▸ **TO DO**: Work through the entries below line by line and give the number of lines with the string "this", nothing else.
---- PROVIDED INFORMATION
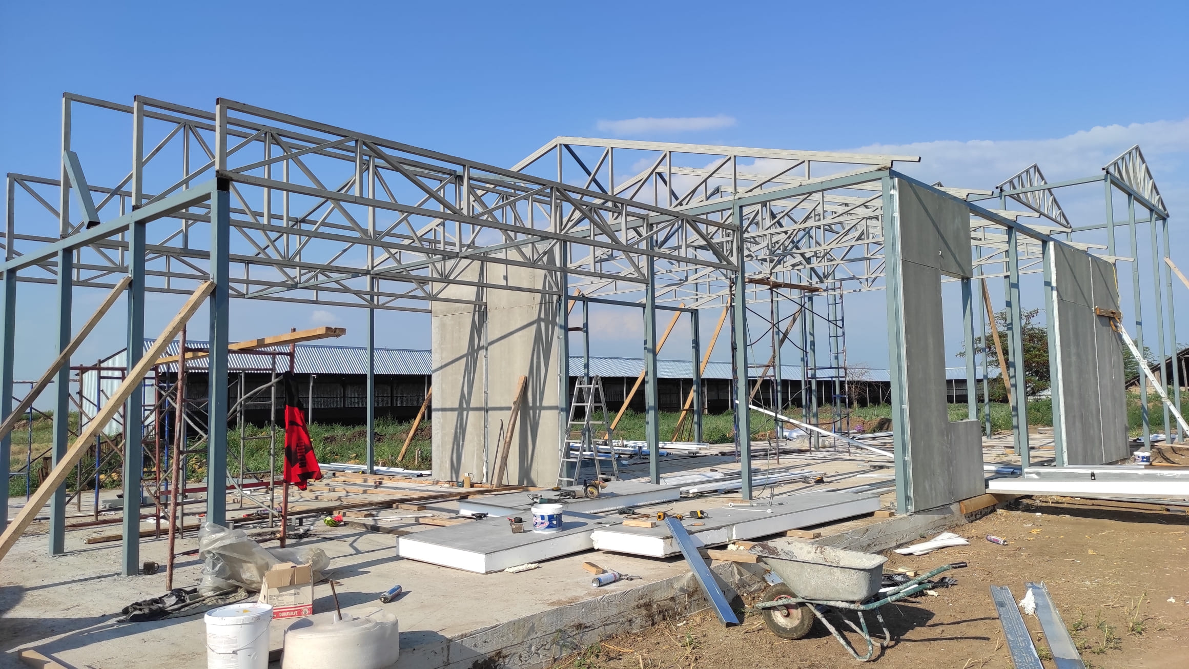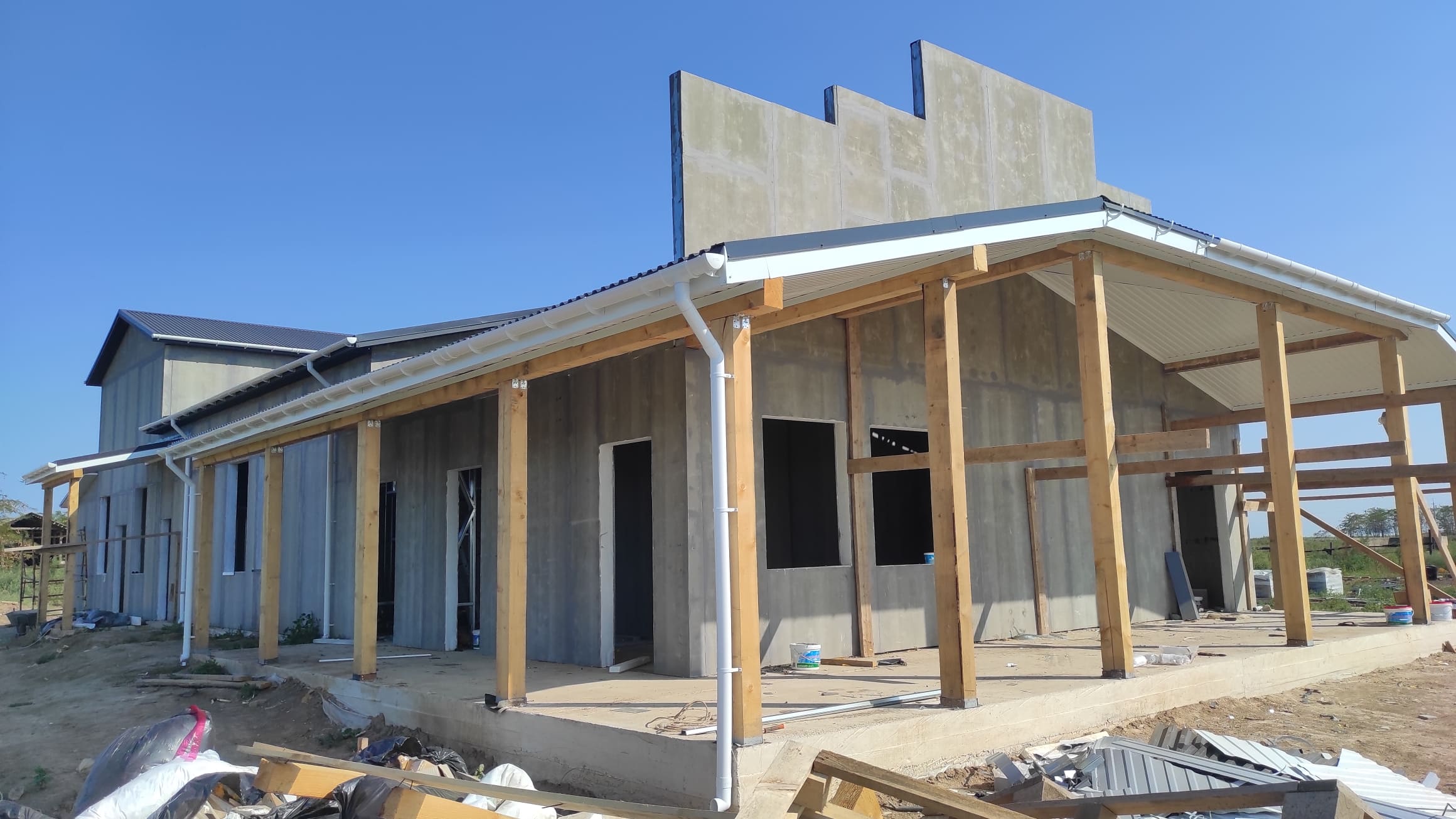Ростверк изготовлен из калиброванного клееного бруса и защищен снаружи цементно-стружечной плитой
--------
---- PROVIDED INFORMATION
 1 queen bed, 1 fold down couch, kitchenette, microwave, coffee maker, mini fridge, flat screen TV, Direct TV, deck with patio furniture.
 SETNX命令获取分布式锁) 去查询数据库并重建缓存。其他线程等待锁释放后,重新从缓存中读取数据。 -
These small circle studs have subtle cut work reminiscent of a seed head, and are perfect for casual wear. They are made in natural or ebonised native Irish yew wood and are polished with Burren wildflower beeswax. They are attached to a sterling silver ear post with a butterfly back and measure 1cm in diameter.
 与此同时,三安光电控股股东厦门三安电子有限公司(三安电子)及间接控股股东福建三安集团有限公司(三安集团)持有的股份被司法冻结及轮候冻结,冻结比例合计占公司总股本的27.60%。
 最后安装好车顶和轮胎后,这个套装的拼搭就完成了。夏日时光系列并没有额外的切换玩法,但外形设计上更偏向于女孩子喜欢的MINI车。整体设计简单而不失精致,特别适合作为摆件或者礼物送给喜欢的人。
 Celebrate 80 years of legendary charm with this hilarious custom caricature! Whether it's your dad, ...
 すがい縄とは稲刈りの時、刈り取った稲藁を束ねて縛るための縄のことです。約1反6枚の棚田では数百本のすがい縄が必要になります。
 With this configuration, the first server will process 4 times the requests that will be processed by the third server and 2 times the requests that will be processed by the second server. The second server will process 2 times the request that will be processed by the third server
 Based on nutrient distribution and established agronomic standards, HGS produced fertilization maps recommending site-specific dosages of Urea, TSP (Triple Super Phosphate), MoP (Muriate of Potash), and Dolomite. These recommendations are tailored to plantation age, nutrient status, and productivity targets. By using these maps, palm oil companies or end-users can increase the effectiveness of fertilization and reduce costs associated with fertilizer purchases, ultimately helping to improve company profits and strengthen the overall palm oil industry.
--------
▸ **YOUR SOLUTION**: 2